--- WHAT YOU NEED TO DO ---
Look through the entries below for the line with "Elite99 Coperta a" and the line with "堀岡楓真さんの外運は21画の5点!", then give again exactly those two lines and all lines between them, minus the pictures.

DATA EXCERPTS Block Start

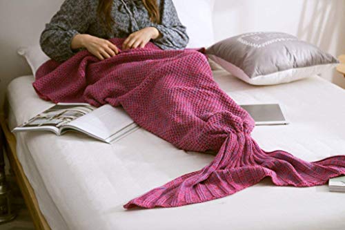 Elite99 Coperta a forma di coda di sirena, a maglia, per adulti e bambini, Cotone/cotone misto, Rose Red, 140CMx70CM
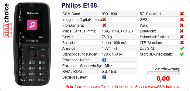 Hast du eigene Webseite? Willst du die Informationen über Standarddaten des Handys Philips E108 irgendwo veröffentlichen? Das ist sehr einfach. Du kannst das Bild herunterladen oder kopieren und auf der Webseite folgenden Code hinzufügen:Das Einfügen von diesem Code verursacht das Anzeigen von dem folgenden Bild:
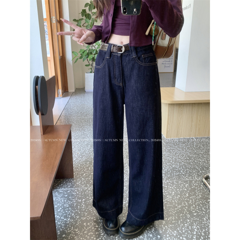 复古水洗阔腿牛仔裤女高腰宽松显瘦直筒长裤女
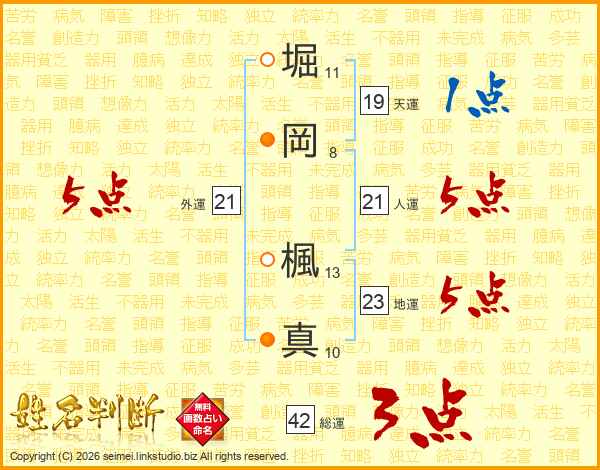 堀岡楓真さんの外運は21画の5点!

DATA EXCERPTS Block End
DATA EXCERPTS Block Start

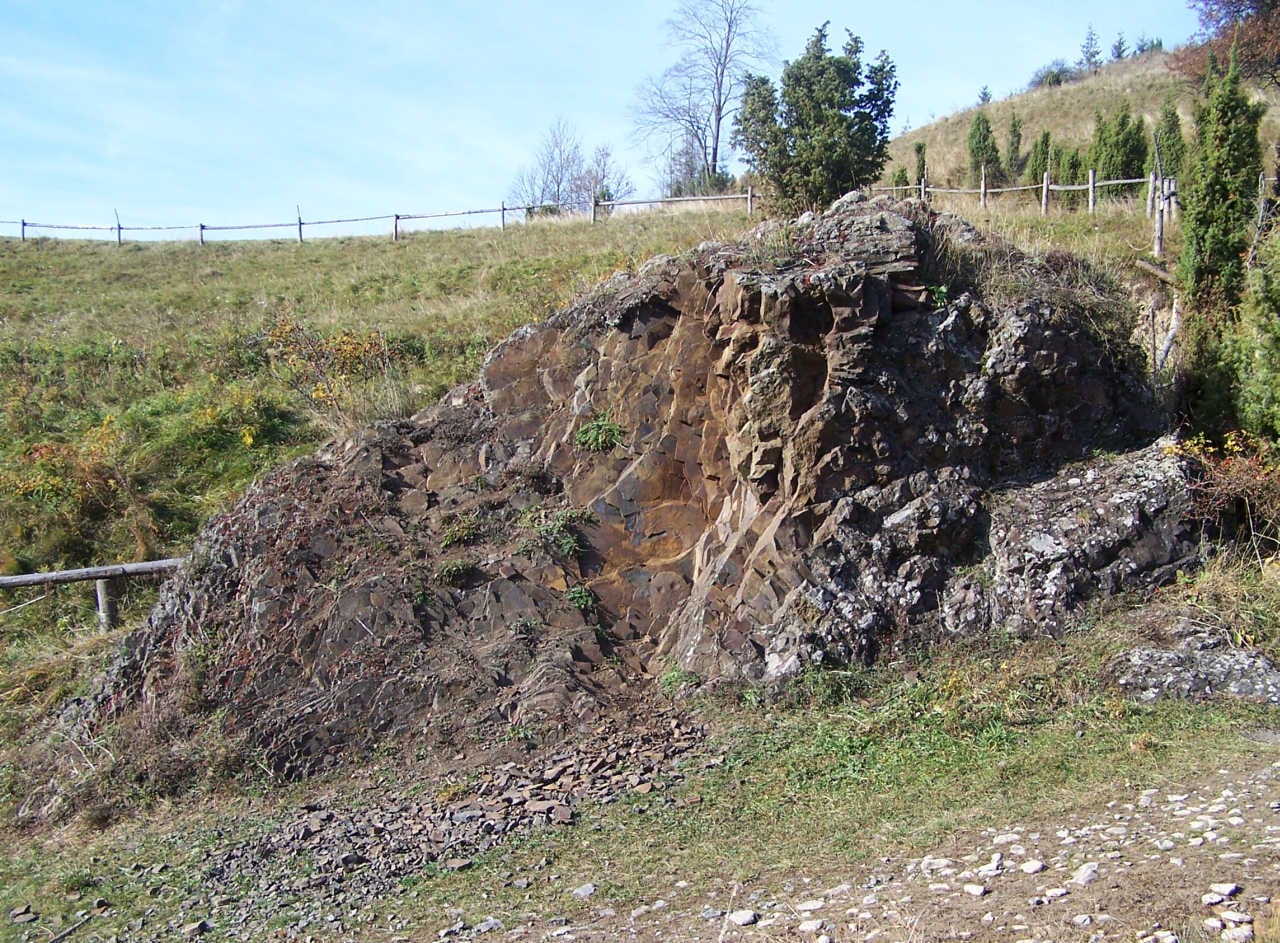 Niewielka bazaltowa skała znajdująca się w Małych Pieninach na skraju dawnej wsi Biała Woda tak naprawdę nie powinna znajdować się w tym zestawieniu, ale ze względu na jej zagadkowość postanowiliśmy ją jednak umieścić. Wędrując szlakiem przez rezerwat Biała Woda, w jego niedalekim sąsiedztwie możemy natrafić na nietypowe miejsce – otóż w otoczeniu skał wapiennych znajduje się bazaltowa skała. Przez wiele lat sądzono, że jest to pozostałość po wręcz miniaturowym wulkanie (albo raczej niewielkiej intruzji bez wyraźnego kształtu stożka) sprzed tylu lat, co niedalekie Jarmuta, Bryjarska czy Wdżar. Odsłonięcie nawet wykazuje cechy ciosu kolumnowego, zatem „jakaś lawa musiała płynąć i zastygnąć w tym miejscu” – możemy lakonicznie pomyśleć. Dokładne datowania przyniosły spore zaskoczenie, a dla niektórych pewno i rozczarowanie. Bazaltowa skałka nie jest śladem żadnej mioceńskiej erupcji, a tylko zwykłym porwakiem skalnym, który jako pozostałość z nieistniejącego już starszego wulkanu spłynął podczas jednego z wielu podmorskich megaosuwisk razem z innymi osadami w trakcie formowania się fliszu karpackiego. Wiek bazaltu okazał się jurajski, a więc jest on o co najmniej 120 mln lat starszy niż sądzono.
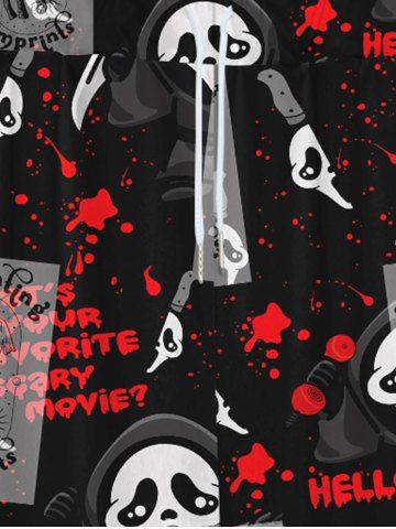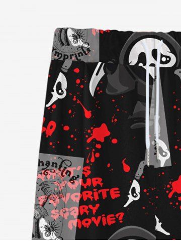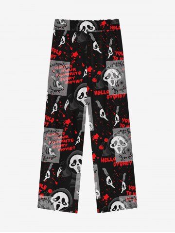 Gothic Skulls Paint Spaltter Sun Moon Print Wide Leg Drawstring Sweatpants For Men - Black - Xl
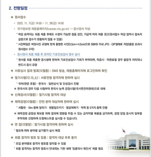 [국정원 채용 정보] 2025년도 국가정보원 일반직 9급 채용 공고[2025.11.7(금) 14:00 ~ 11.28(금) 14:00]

DATA EXCERPTS Block End

--- EXERCISE RESPONSE ---
 Elite99 Coperta a forma di coda di sirena, a maglia, per adulti e bambini, Cotone/cotone misto, Rose Red, 140CMx70CM
 Hast du eigene Webseite? Willst du die Informationen über Standarddaten des Handys Philips E108 irgendwo veröffentlichen? Das ist sehr einfach. Du kannst das Bild herunterladen oder kopieren und auf der Webseite folgenden Code hinzufügen:Das Einfügen von diesem Code verursacht das Anzeigen von dem folgenden Bild:
 复古水洗阔腿牛仔裤女高腰宽松显瘦直筒长裤女
 堀岡楓真さんの外運は21画の5点!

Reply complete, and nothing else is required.